データベース サーバーからステージング ディスクのマウントを解除します。
バックアップと DR が内部スナップショットを取得します。特定時点の合成フルが準備完了です。
データ復旧
バックアップと DR は、ISCSI または NFS 経由で書き換え可能なステージング ディスクを即座にマウントし、データベースをオンラインにします。
Oracle バックアップ API
バックアップと DR では、次の Oracle API が使用されます。
RMAN イメージコピー: データファイルの物理構造がすでに存在しているため、データファイルのイメージコピーを高速に復元できます。RMAN ディレクティブ BACKUP AS COPY により、データベース全体のすべてのデータファイルのイメージコピーが作成され、データファイル形式が保持されます。
ASM と CRS API: ASM バックアップ ディスク グループは、ASM と CRS API を使用して管理されます。
RMAN アーカイブログ バックアップ API: 生成されたアーカイブログはステージング ディスクにバックアップされ、本番環境のアーカイブの場所からパージされます。
バックアップと DR サービスを他のバックアップ プロダクトと併用する場合の競合を最小限に抑える
バックアップと DR サービスは、本番環境データベースからデータをキャプチャする従来のプロダクトと共存できます。以下のベスト プラクティスは、エクスペリエンスの向上に役立ちます。
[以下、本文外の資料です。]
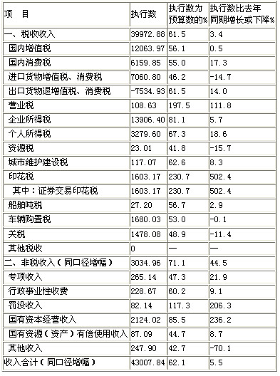 附表3:2015年1—7月中央一般公共预算收入执行情况

Oracle データベースのバックアップ スケジュール
ベスト プラクティス | 以前のバックアップ ソフトウェアが完了する時間に開始するように、バックアップと DR サービスのデータベース バックアップ ジョブをスケジュールします。バックアップと DR サービスのデータベース バックアップ ジョブが正常に完了した直後に、以前のバックアップ ソフトウェアを実行するようにスケジュールしないでください。 |
理由 | 従来のバックアップ ジョブとバックアップと DR サービスのデータベース バックアップ ジョブが同時に実行されると、データベース サーバーのパフォーマンスに重大な影響を与え、不安定になり、停止する可能性があります。また、Oracle の場合、1 つまたは両方のソリューションのバックアップ イメージが無効になる可能性があります。 |
Oracle アーカイブログの管理
Oracle は、データベースのバックアップ中に生成されたアーカイブ ログを使用して、そのバックアップの整合性と復元可能性を確保します。そのため、データベース バックアップ ジョブ中にアーカイブ ログがパージされた場合、そのバックアップ コピーは復元できません。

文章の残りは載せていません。